Top of GIVEN INFORMATION

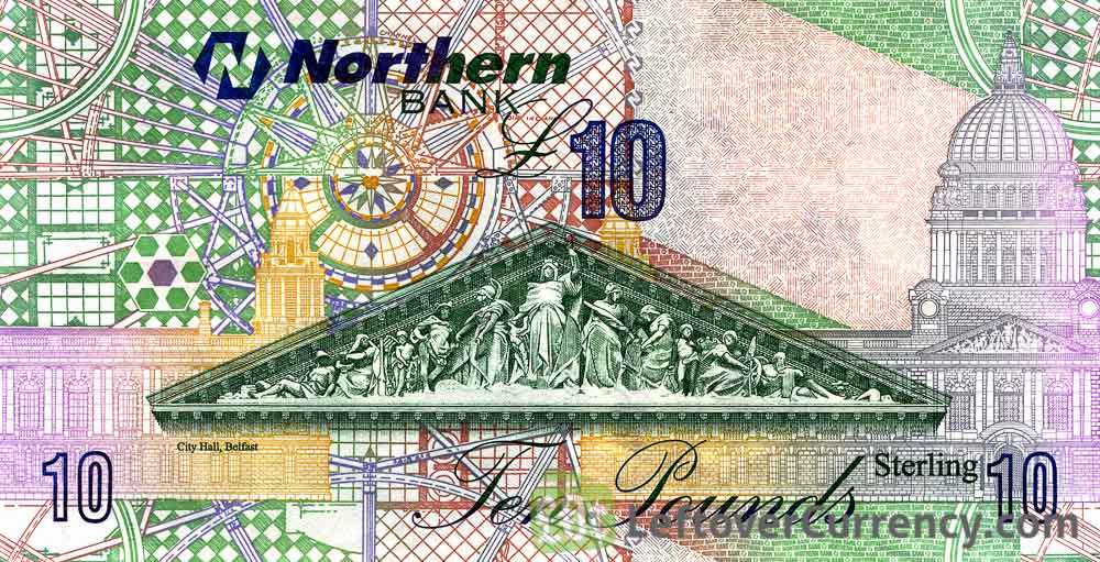 The Northern Bank issued Northern Irish Pound banknotes in 7 different denominations, including this Northern Bank 10 Pounds banknote (series 2004). They are part of the withdrawn Northern Bank banknotes series. The Northern Bank started issuing these 10 Northern Irish Pound banknotes in 2004. They were withdrawn from circulation in 2012.
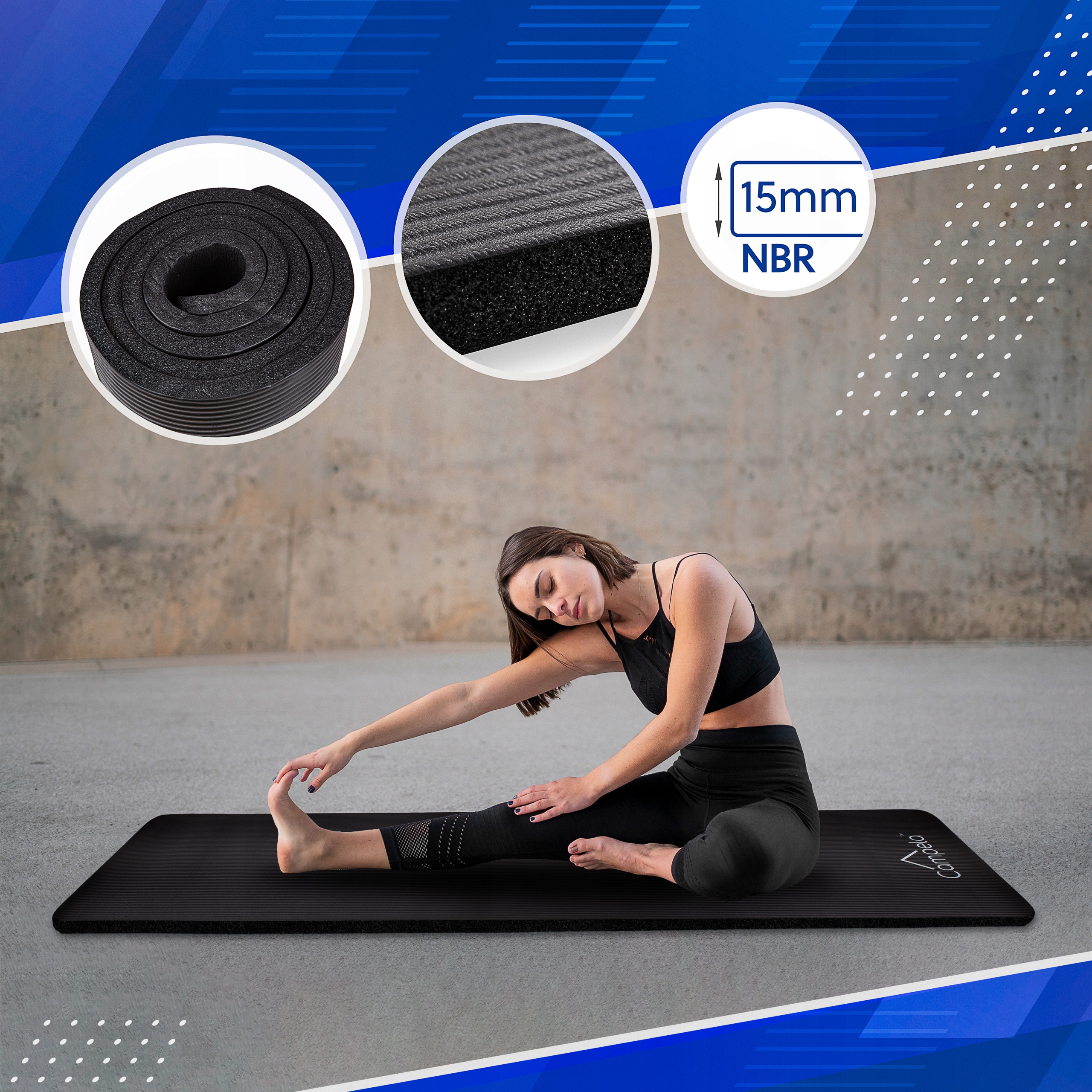 Поверхня килимка приємна на дотик, а завдяки високій товщині він є ідеальною основою як для загальнооздоровчих вправ, так і для йоги та пілатесу. Міцний надзвичайно товстий пластик NBR.
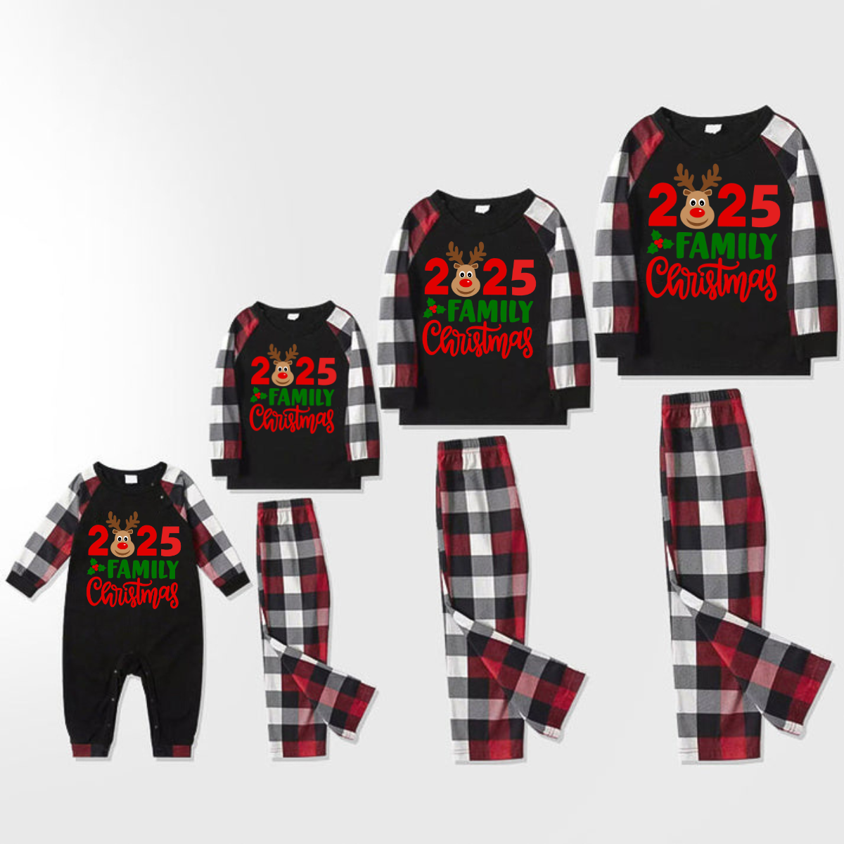 "2025 Family Christmas" Moose Letter Prints Red & Black & Grey & White Plaid Family Matching Pajamas

Bottom of GIVEN INFORMATION

◆ TASK INSTRUCTIONS
From the line containing "Поверхня килимка приємна" down to the end of the listing above, every line is to be returned exactly, though the pictures are not.

◆ TASK SOLUTION
 Поверхня килимка приємна на дотик, а завдяки високій товщині він є ідеальною основою як для загальнооздоровчих вправ, так і для йоги та пілатесу. Міцний надзвичайно товстий пластик NBR.
 "2025 Family Christmas" Moose Letter Prints Red & Black & Grey & White Plaid Family Matching Pajamas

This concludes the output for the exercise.